======== Data excerpt
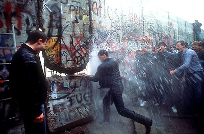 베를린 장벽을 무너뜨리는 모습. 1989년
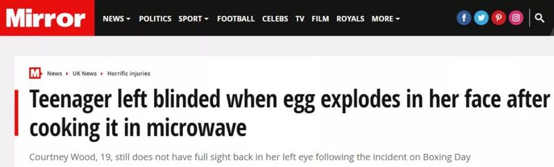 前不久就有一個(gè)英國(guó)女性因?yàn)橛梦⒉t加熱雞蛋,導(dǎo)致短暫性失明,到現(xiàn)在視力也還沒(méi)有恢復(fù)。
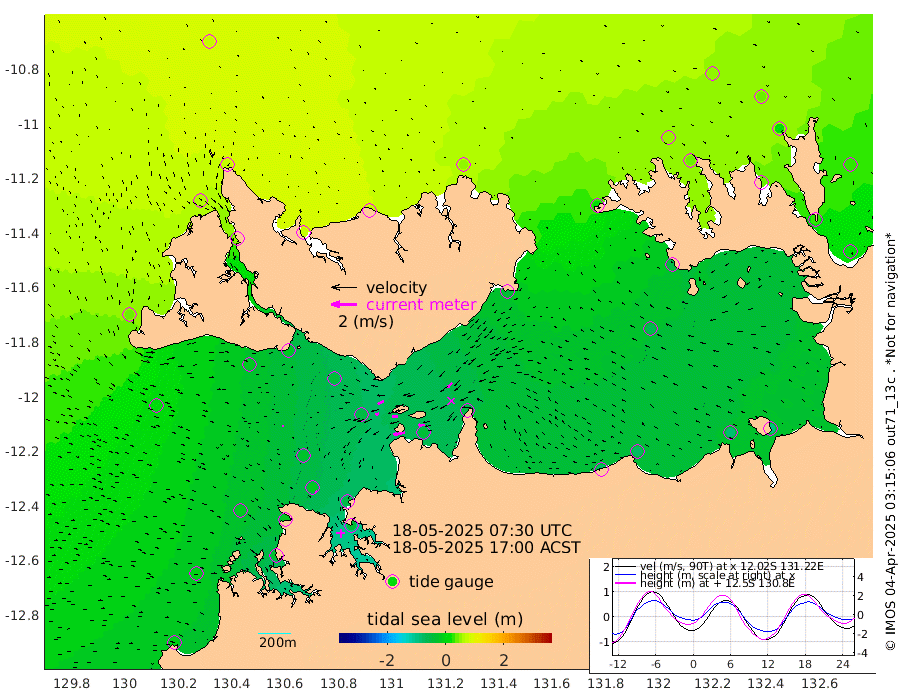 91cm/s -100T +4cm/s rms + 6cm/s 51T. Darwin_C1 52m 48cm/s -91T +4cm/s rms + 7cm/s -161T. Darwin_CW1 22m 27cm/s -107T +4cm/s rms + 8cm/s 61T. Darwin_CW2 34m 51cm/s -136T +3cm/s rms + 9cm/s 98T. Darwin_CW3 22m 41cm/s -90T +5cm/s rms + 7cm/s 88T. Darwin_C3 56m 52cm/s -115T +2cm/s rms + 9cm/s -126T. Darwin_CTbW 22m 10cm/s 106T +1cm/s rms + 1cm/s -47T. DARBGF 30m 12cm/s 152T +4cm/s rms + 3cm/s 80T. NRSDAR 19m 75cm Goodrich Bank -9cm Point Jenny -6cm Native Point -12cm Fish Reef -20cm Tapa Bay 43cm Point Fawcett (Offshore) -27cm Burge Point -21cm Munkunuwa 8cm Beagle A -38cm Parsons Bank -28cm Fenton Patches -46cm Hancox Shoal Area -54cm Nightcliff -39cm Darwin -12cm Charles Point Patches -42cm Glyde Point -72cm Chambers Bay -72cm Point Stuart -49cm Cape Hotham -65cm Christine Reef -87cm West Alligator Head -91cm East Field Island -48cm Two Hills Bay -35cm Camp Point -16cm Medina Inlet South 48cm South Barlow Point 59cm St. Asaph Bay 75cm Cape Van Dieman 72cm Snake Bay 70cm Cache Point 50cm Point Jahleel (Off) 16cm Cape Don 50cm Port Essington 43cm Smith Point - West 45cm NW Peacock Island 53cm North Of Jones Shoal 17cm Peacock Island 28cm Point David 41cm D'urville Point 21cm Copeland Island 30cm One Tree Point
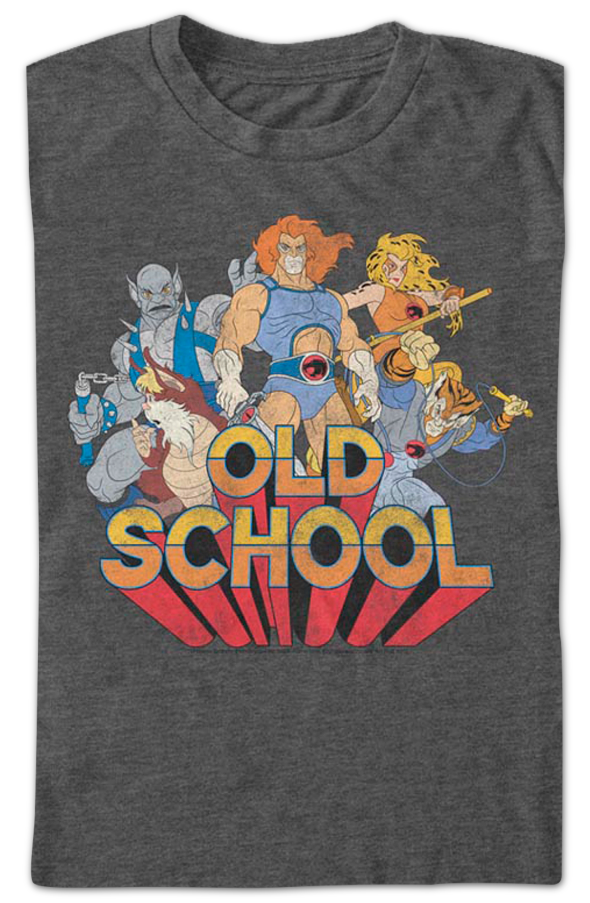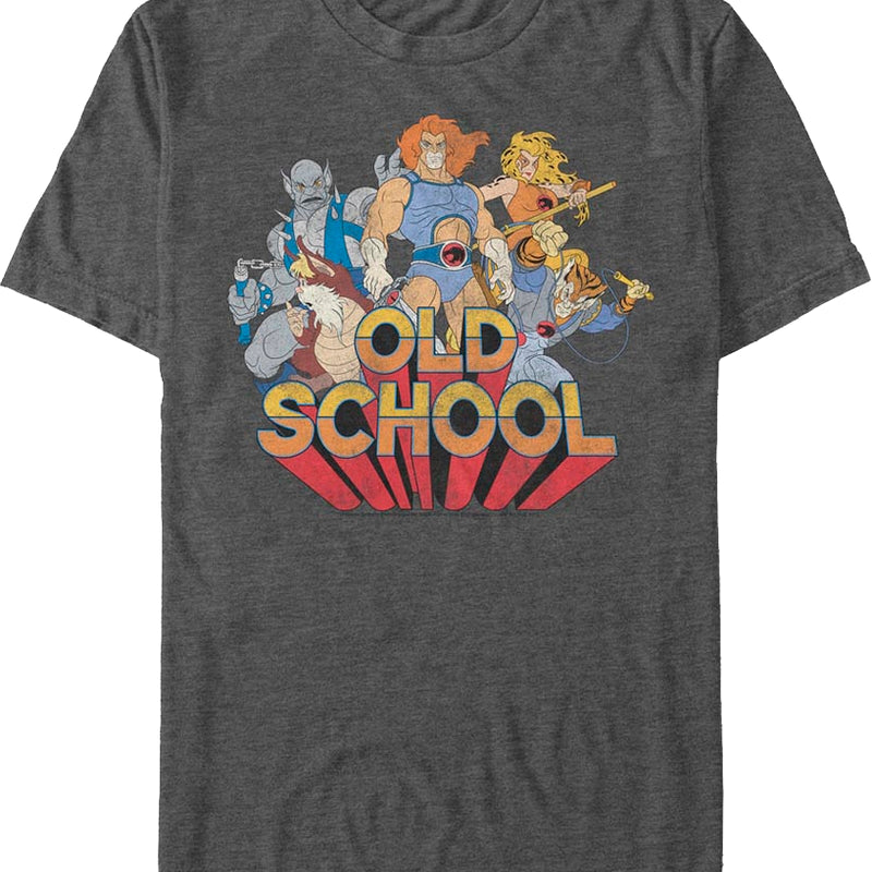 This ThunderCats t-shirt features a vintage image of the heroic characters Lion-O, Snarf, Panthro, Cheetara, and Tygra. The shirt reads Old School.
================
- Work instruction
Each line from the first line of the material above through the line containing "前不久就有一個(gè)英國(guó)女性" is to be reproduced exactly, with both ends kept and pictures left out.

- Reply
 베를린 장벽을 무너뜨리는 모습. 1989년
 前不久就有一個(gè)英國(guó)女性因?yàn)橛梦⒉t加熱雞蛋,導(dǎo)致短暫性失明,到現(xiàn)在視力也還沒(méi)有恢復(fù)。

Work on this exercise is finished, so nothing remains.